**REQUIREMENT:** An exact copy of the listing below is required, minus its pictures.

*** Opening of DATA SECTION ***

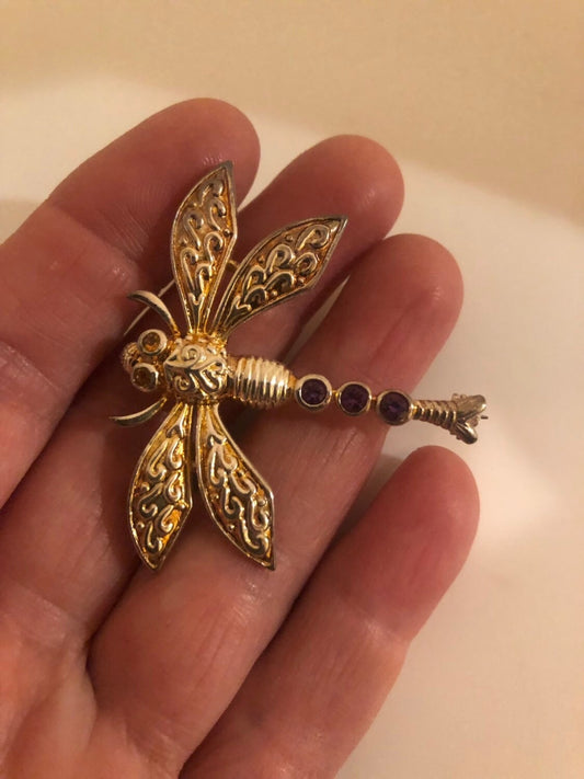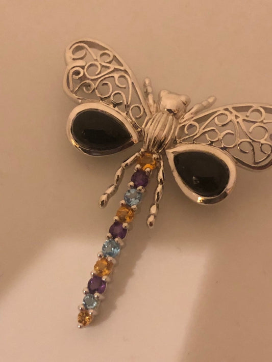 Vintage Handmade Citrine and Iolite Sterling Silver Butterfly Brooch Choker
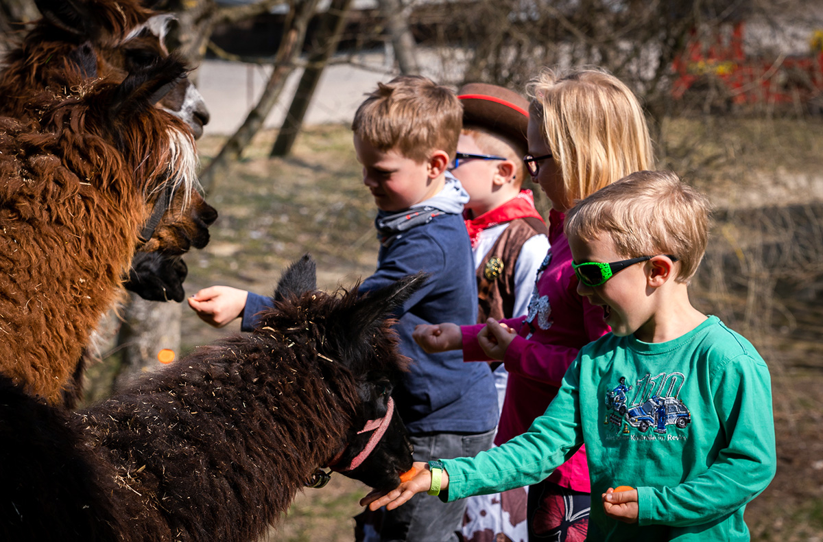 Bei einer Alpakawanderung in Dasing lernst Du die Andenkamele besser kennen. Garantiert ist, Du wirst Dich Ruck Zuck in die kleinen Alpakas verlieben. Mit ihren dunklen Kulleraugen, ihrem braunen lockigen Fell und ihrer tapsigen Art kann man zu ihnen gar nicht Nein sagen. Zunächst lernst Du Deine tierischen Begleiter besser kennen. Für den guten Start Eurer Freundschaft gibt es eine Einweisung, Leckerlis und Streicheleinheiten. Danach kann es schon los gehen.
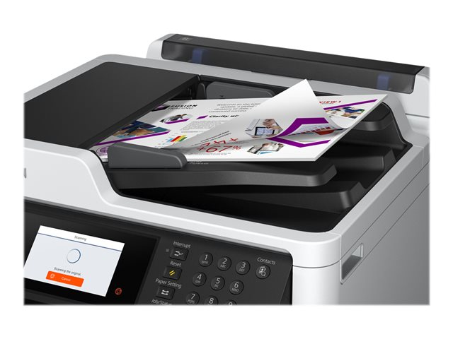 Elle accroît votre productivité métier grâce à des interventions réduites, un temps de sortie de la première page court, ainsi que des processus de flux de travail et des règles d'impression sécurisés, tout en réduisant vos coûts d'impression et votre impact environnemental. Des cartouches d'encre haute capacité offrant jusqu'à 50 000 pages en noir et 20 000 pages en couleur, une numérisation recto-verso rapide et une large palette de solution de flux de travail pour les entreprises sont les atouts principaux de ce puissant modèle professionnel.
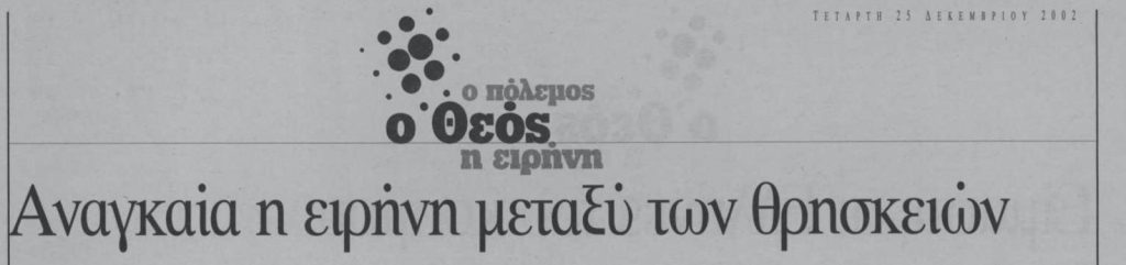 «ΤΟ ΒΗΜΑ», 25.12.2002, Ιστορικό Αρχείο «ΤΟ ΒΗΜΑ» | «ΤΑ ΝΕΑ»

*** Close of DATA SECTION ***

**SOLUTION TO THIS PROBLEM:**
 Vintage Handmade Citrine and Iolite Sterling Silver Butterfly Brooch Choker
 Bei einer Alpakawanderung in Dasing lernst Du die Andenkamele besser kennen. Garantiert ist, Du wirst Dich Ruck Zuck in die kleinen Alpakas verlieben. Mit ihren dunklen Kulleraugen, ihrem braunen lockigen Fell und ihrer tapsigen Art kann man zu ihnen gar nicht Nein sagen. Zunächst lernst Du Deine tierischen Begleiter besser kennen. Für den guten Start Eurer Freundschaft gibt es eine Einweisung, Leckerlis und Streicheleinheiten. Danach kann es schon los gehen.
 Elle accroît votre productivité métier grâce à des interventions réduites, un temps de sortie de la première page court, ainsi que des processus de flux de travail et des règles d'impression sécurisés, tout en réduisant vos coûts d'impression et votre impact environnemental. Des cartouches d'encre haute capacité offrant jusqu'à 50 000 pages en noir et 20 000 pages en couleur, une numérisation recto-verso rapide et une large palette de solution de flux de travail pour les entreprises sont les atouts principaux de ce puissant modèle professionnel.
 «ΤΟ ΒΗΜΑ», 25.12.2002, Ιστορικό Αρχείο «ΤΟ ΒΗΜΑ» | «ΤΑ ΝΕΑ»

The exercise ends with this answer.